La noche es nuestra sigue la pasarela de la moda de la industria, que en este final de decenio del nuevo siglo, se ha propuesto hacernos recordar la hedonista juventud que vivimos algunos a finales de los años setenta y ochenta. Y, a su vez, revisar los métodos policiales de la época, (hablo de Norteamérica, claro está), junto a la ética de la que se servía el cuerpo, situado entre extremos, desde la honorabilidad casi de Clan a la corrupción. Moda, como decía, en la estela de Zodiac, American Gangster, o el próximo estreno de Sidney Lumet, Antes que el diablo sepa que has muerto, en las mismas ambigüedades legales, aunque ésta con juegos más posmodernos.
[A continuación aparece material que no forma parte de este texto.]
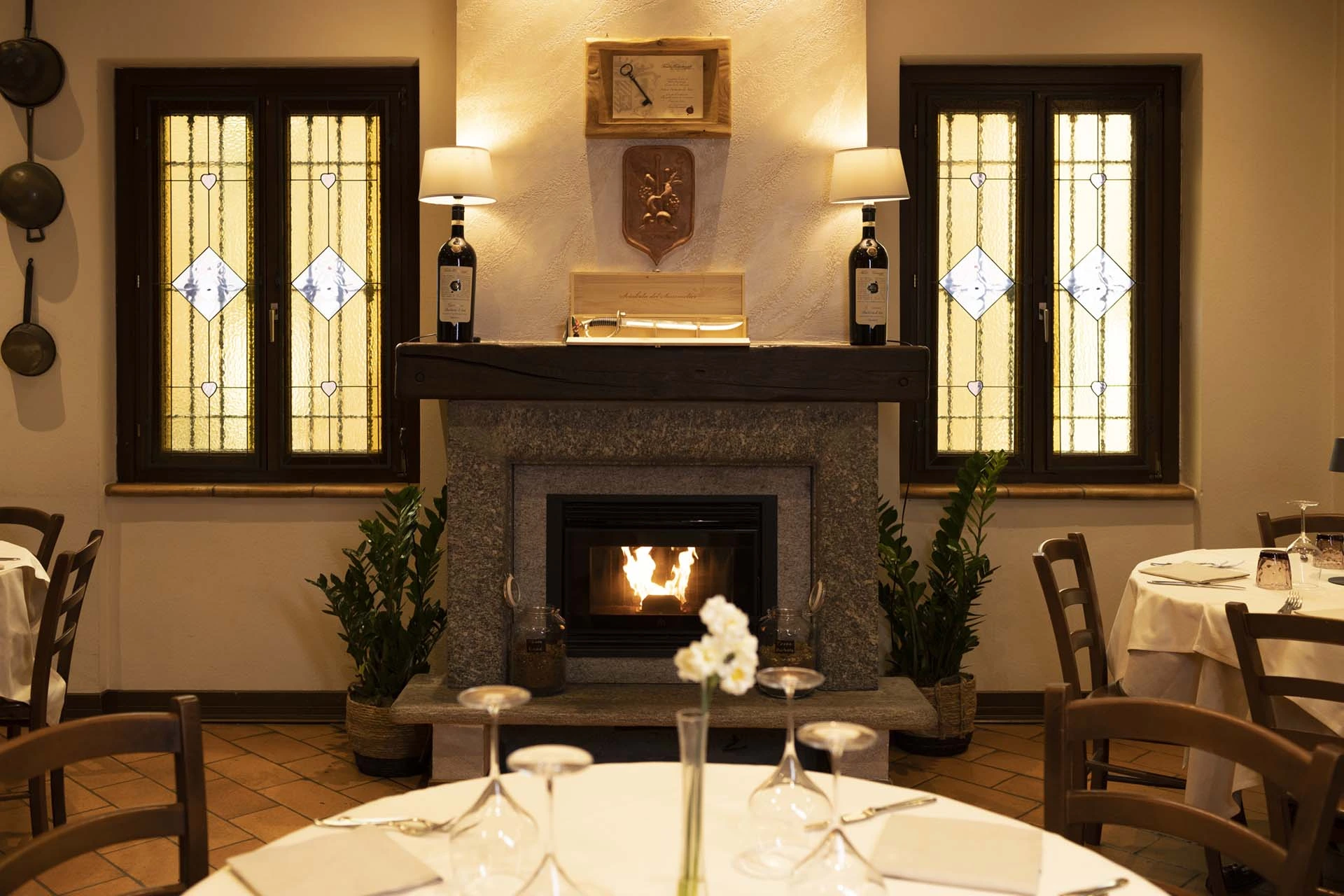 Una sala principale con circa 40 coperti con suggestivo camino acceso durante i mesi invernali e una sala vineria da circa 25 coperti, ideale per gruppi che desiderano uno spazio dedicato per compleanni, cene di lavoro e altre occasioni speciali.

En todo caso dicen que no es más feliz el que más tiene, sino el que se puede arreglar con las cartas con le dan. Y así veo a James Gray, más o menos feliz, porque la cinta, que tiene su punto álgido en complicadas relaciones familiares muy shakesperianas, es un trabajo muy decente, de singular estética a lo película antigua en las que primaba la falta de contrastes en los colores (para ello Gray metió la película en el horno), y en la que no deja de ser curioso la ausencia de teléfonos móviles, por aquello de que algunos veinteañeros den por sentado que los aparatitos nacieron con el hombre. No, no usábamos de los mismos, pero nos adueñábamos de la noche envueltos en las brumas de las discotecas más espectaculares, con una música que nos hacía vibrar, algo que ha sabido plasmar estupendamente Gray. Y de ahí el potente arranque de la película, ¡inigualable!, con los acordes de Blondie, y su «Heart of Glass». Parte de una banda sonora que remata toda una atmósfera de recuerdos lúdicos, y nos abduce con la joya «Let’s Dance» de David Bowie.
Bobby (Joaquin Phoenix) es el encargando de dirigir uno de los mayores antros nocturnos de Nueva York en 1988. Con el apellido de su madre, Green, pasa inadvertido ante la relaciones que le aporta el Club y evita tener que ser relacionado con los policías más reputados de la ciudad, los Grusinsky, padre e hijo. Bobby ha escogido otro camino, más ambiguo, más libre que el forzoso deber familiar que su hermano Joseph (Mark Wahlberg) se ha impuesto. Pero por mucho que uno elija otra vía separatista familiar, las implicaciones de la sangre fuerzan, en ocasiones, a todo lo contrario. Y eso le ocurrirá a Bobby. Con la mafia rusa como telón de fondo, y la violencia ensañándose en lo que le queda de familia, este vividor se verá transformado en algo que no hubiera previsto nunca. Un cambio, quizás, demasiado radical para dar un ritmo creíble a las etapas de transformación. Lo que hace que la película sufra de altibajos dramáticos, llegando en algunos casos a chirriar con más de un falsete.
Gray confiesa que le constó mucho esfuerzo convencer a Mendes y a Wahlberg para aceptar los papeles. En el caso de Eva, el resultado es estupendo, mientras que en el de Mark no lo es tanto, mostrando flojera y una desgana que gotea por todos los rincones de su papel. Es en los personajes fallidos donde Gray ha claudicado. En unas conclusiones que debió trabajar con aspecto más ambiguo, a Los infiltrados de Scorsese. Por ejemplo, resulta inevitable comparar la portentosa imagen del Semyon (jefe de la mafia rusa) de Cronenberg en Promesas del Este y la del patriarca ruso, y dueño del club, de Gray.
No obstante lo dicho, La noche es nuestra es un lujo que merece la pena verse en pantalla grande, porque nos retrotrae al más puro cine clásico con escenas prodigiosas que valen por sí solas como el metraje al completo. Nos da un respiro de tan altas tecnologías y malabarismos visuales y supone un documento histórico (un Nueva York gris y pobre) de finales de los ochenta más real que el Miami Vice televisivo de colorines.